> WHAT IS REQUIRED
Start to finish, retype the entries exactly while omitting the pictures.

[Items listed in a dataset]
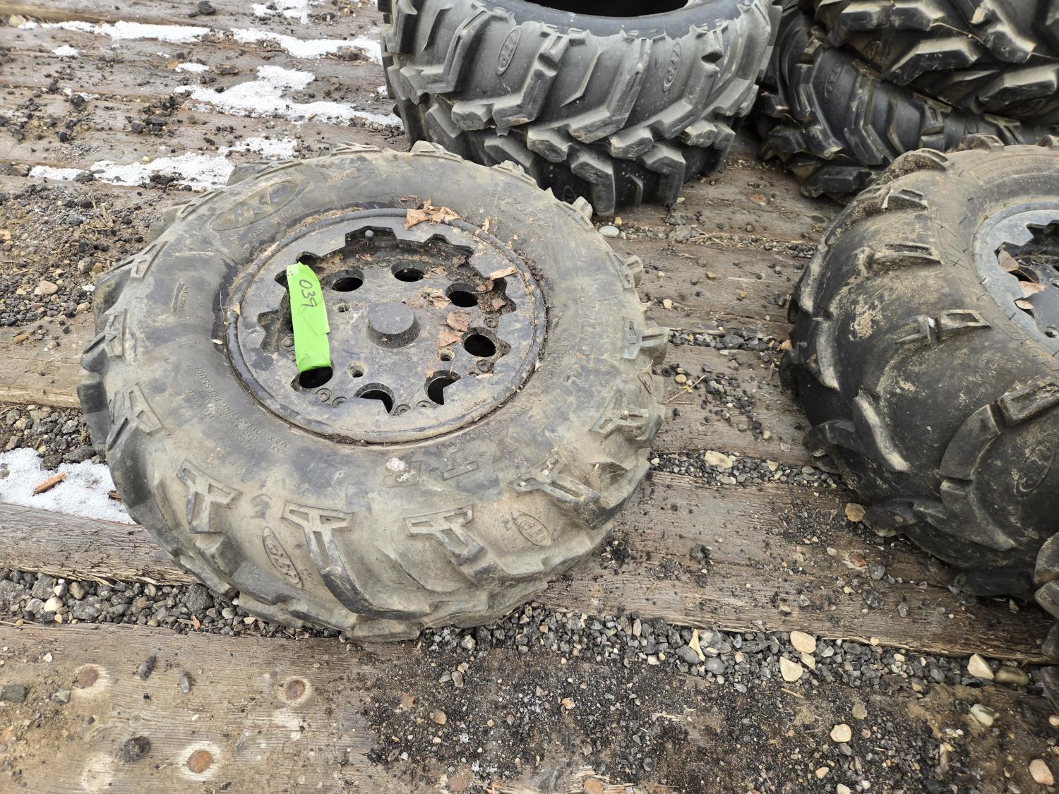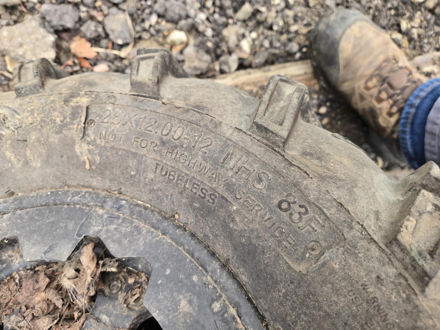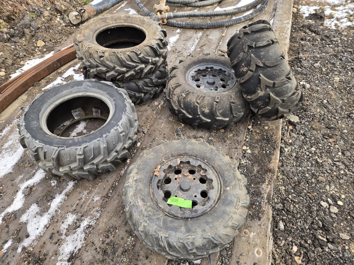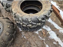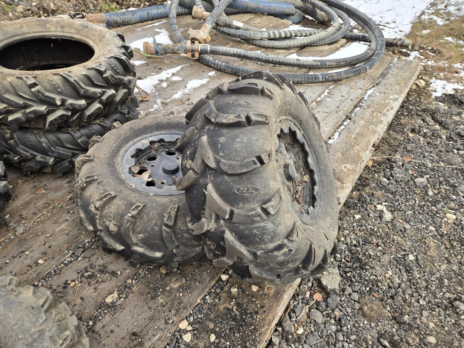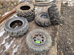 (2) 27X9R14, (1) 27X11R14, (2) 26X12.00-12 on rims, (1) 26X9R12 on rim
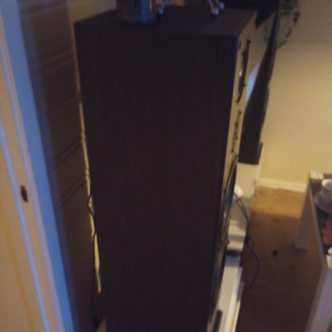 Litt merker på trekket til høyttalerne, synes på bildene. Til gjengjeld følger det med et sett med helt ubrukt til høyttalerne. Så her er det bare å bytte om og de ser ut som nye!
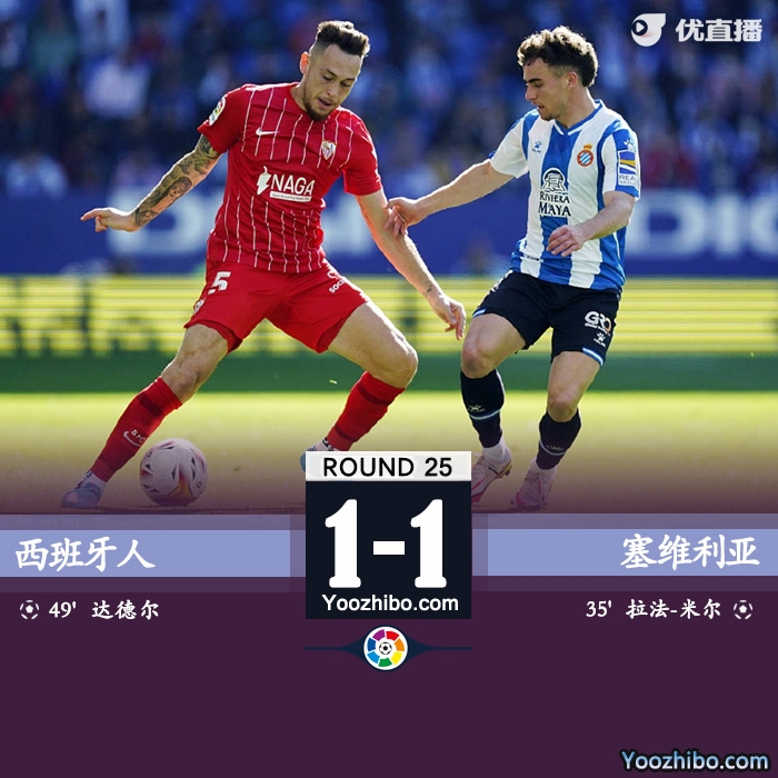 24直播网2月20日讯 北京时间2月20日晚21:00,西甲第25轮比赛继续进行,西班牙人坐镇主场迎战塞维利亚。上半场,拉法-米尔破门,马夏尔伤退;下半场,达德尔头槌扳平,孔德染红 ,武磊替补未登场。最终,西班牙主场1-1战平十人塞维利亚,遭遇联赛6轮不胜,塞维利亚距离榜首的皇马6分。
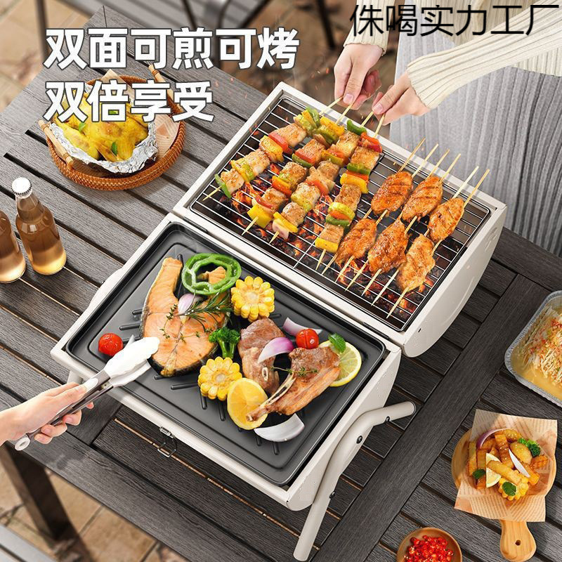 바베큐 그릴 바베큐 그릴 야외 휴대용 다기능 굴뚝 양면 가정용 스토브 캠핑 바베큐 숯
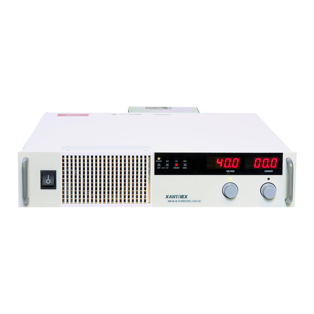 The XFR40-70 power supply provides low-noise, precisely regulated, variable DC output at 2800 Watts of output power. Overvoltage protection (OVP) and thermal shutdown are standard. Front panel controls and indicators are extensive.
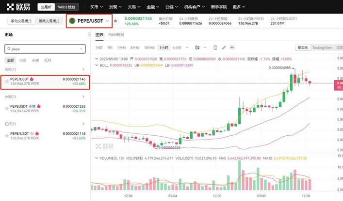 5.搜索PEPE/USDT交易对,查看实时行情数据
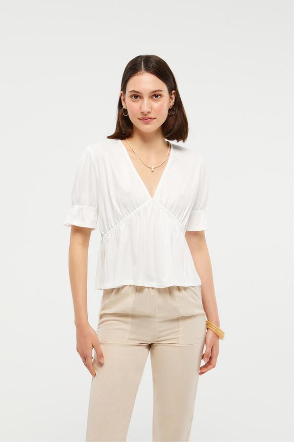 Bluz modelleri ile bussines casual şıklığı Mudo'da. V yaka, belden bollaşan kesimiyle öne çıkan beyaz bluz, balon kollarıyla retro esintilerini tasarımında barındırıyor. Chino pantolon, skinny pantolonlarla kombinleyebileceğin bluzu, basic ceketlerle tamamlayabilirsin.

> REPLY TO THE EXERCISE
 (2) 27X9R14, (1) 27X11R14, (2) 26X12.00-12 on rims, (1) 26X9R12 on rim
 Litt merker på trekket til høyttalerne, synes på bildene. Til gjengjeld følger det med et sett med helt ubrukt til høyttalerne. Så her er det bare å bytte om og de ser ut som nye!
 24直播网2月20日讯 北京时间2月20日晚21:00,西甲第25轮比赛继续进行,西班牙人坐镇主场迎战塞维利亚。上半场,拉法-米尔破门,马夏尔伤退;下半场,达德尔头槌扳平,孔德染红 ,武磊替补未登场。最终,西班牙主场1-1战平十人塞维利亚,遭遇联赛6轮不胜,塞维利亚距离榜首的皇马6分。
 바베큐 그릴 바베큐 그릴 야외 휴대용 다기능 굴뚝 양면 가정용 스토브 캠핑 바베큐 숯
 The XFR40-70 power supply provides low-noise, precisely regulated, variable DC output at 2800 Watts of output power. Overvoltage protection (OVP) and thermal shutdown are standard. Front panel controls and indicators are extensive.
 5.搜索PEPE/USDT交易对,查看实时行情数据
 Bluz modelleri ile bussines casual şıklığı Mudo'da. V yaka, belden bollaşan kesimiyle öne çıkan beyaz bluz, balon kollarıyla retro esintilerini tasarımında barındırıyor. Chino pantolon, skinny pantolonlarla kombinleyebileceğin bluzu, basic ceketlerle tamamlayabilirsin.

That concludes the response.